‘Unconventional’ Oil & Gas Production
Hydraulic fracturing (also known as ‘fracking’) is the process of pumping a water-based solution down into the ground to fracture the rock within the earth. Fracturing the rock beneath the earth releases valuable compounds that are held within those rocks, such as crude oil and natural gas.
Wells are drilled vertically hundreds to thousands of feet below the earth’s surface, they can then be extended by drilling thousands of feet further horizontally. Once the wells have been drilled, a solution made up of water, proppants such as sand or man-made ceramic materials, and other chemicals are pumped down the wells at a high pressure to blast and fracture the rock below. Proppants are small solid materials such as sand or ceramics that are added to the water-based solution in order to keep induced fractures open after the pressure blasting has finished.
Once the fracturing process has been completed, the solution rises back to the surface along with any other compounds released from the fracturing process due to the internal pressure of the rock beneath the earth. This solution is known as the ‘flowback’, it is then collected and stored so that it can be treated, and the useful Oil and Natural Gas can be separated. The solution is often then recycled and used again for more fracturing.

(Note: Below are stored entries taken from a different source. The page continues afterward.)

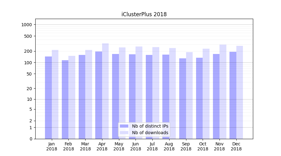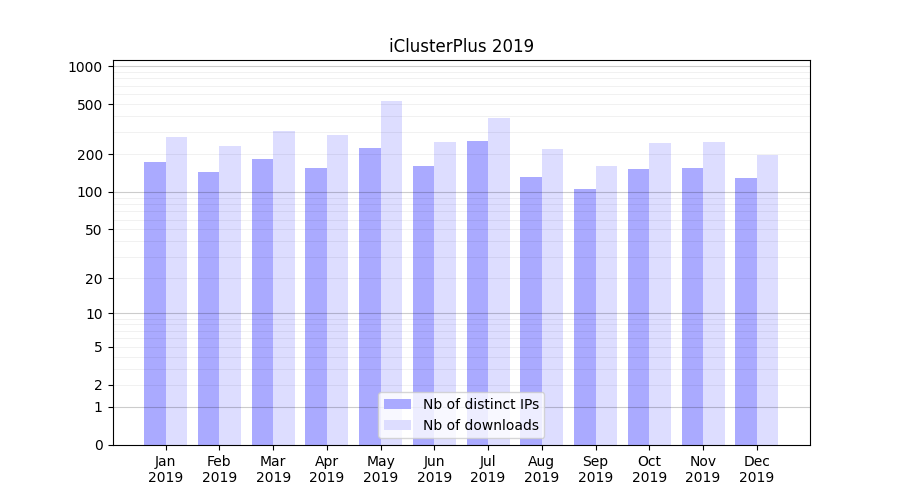 Number of downloads for software package iClusterPlus, year by year, from 2025 back to 2014 (years with no downloads are omitted):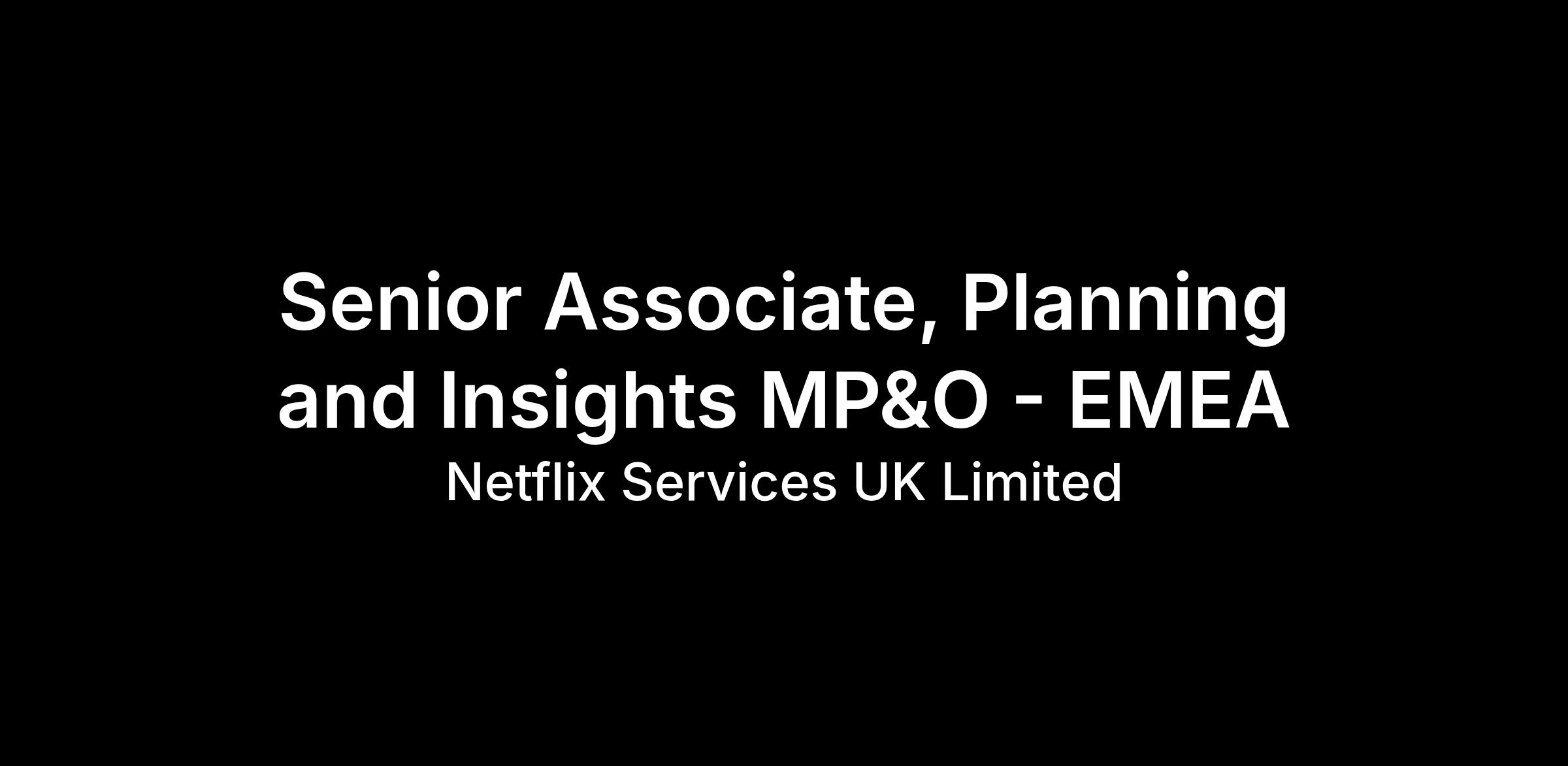 This position reports to the Manager of Planning and Insights EMEA and is based in London.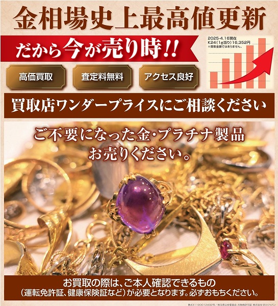 金、プラチナなどの貴金属のお買取りならワンダープライスへ!インゴットや喜平、コインなど貴金属なら

Hydraulic fracturing is a form of ‘unconventional’ oil and gas production. Until recently, unconventional wells were not economically viable to produce from, since the oil and gas are highly dispersed within the rock instead of being concentrated in one underground location. However, the technological advancements in extraction practices such as hydraulic fracturing have made these wells profitable to produce from, vastly increasing the global supply.
And Their Importance To Canada
Oil sands are a naturally occurring geological phenomenon, made up of a mixture of sand, clay, water, and bitumen. Oil sands can be found in many places around the world, such as Venezuela, the United States, Russia, and of course, Canada.
The Canadian oil sands are located in northeastern Alberta, Canada. Officially called the ‘Athabasca Oil Sands’ they are the worlds largest single deposit of crude bitumen containing roughly 1.7 trillion barrels and contribute to Canada’s total oil reserves, being the third largest in the world after Saudi Arabia, and Venezuela.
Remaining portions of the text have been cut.